Upon dissolution in water, bisulfite is generated:
Na_{2}S_{2}O_{5} + H_{2}O → 2 Na^{+} + 2 HSO_{3}^{−}

== Uses ==
Sodium and potassium metabisulfite have many major and niche uses. It is widely used for preserving food and beverages.
- Sodium metabisulphite is one of the main ingredients in "Drywhite", a composition used to prevent chipped potatoes oxidising during storage prior to use in many fish and chip shops.
- Sodium metabisulfite is added as an excipient to medications which contain adrenaline (epinephrine), in order to prevent the oxidation of adrenaline. For example, it is added to combination drug formulations which contain a local anaesthetic and adrenaline, and to the formulation in epinephrine autoinjectors, such as the EpiPen. This lengthens the shelf life of the formulation, although the sodium metabisulfite reacts with adrenaline, causing it to degrade and form epinephrine sulfonate.
- In combination with sodium hydrosulfite it is used as a rust-stain remover
- It is used in photography as an antioxidant in photographic film development.
- Concentrated sodium metabisulfite can be used to remove tree stumps. Some brands contain 98% sodium metabisulfite, and cause degradation of lignin in the stumps, facilitating removal.
- It is also used as an excipient in some tablets, such as paracetamol.
- It can be added to a blood smear in a test for sickle cell anaemia (and other similar forms of haemoglobin mutation). The substance causes defunct cells to sickle (through a complex polymerisation) hence confirming disease.
- It is used as a bleaching agent in the production of coconut cream.
- It (or liquid SO_{2}) is commonly used as an antimicrobial and antioxidant in winemaking; bottled wine indicates its use with the label "Contains Sulfites" in the US.
- It is used as a reducing agent to break sulfide bonds in shrunken items of clothing made of natural fibres, thus allowing the garment to go back to its original shape after washing.
- It is used as an SO_{2} source (mixed with air or oxygen) for the destruction of cyanide in commercial gold cyanidation processes.
- It is used as an SO_{2} source (mixed with air or oxygen) for the precipitation of elemental gold in chloroauric (aqua regia) solutions.
- It is used in the water treatment industry to quench residual chlorine.
- It is used in tint etching iron-based metal samples for microstructural analysis.
- It is used as a fungicide for anti-microbe and mould prevention during shipping of consumer goods such as shoes and clothing. Plastic stickers and packaging (such as Micro-Pak™) containing the anhydrous, sodium metabisulfite solid active ingredient are added prior to shipping. The devices absorb moisture from the atmosphere during shipping and release low levels of sulfur dioxide.
- It is used for preserving fruit during shipping.
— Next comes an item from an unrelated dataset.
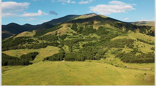 The northern part is planted with coniferous evergreen trees and low vegetation, and the southern part with fruit trees.
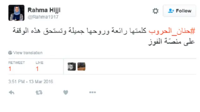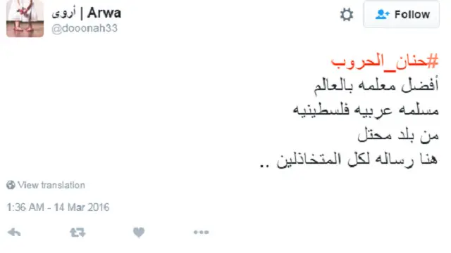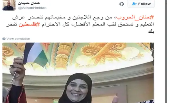بعد فوز المعلمة الفلسطينية حنان الحروب بجائزة أفضل معلم في العالم وقدرها مليون دولار والتي حصلت عليها لدورها في تعليم تلاميذ المخيمات، انطلق هاشتاغ حنان الحروب واحتل القمة في الأردن حيث أشاد المغردون بالمعلمة الفائزة.

- It is used as an additive in the extraction of starch from tubers, fruit, and cereal crops.
- It is used as a pickling agent to treat high pressure reverse osmosis and nanofiltration water desalination membranes for extended storage periods between uses.
- It is used to create a bisulfite adduct from ketones to aid in separation of the ketone product. The usage of metabisulfite versus the sulfite is also more entropically favourable.

== Safety ==
Sodium metabisulfite, despite not being flammable, decomposes at 150°C releasing toxic sulfur dioxide. It is corrosive when dissolved in water. Some people who are sulfite sensitive may experience an allergic reaction to sodium metabisulfite, sometimes severe, resulting in labeling requirements for food safety. In 2024, it was named ‘allergen of the year 2024’ by the American Contact Dermatitis Society.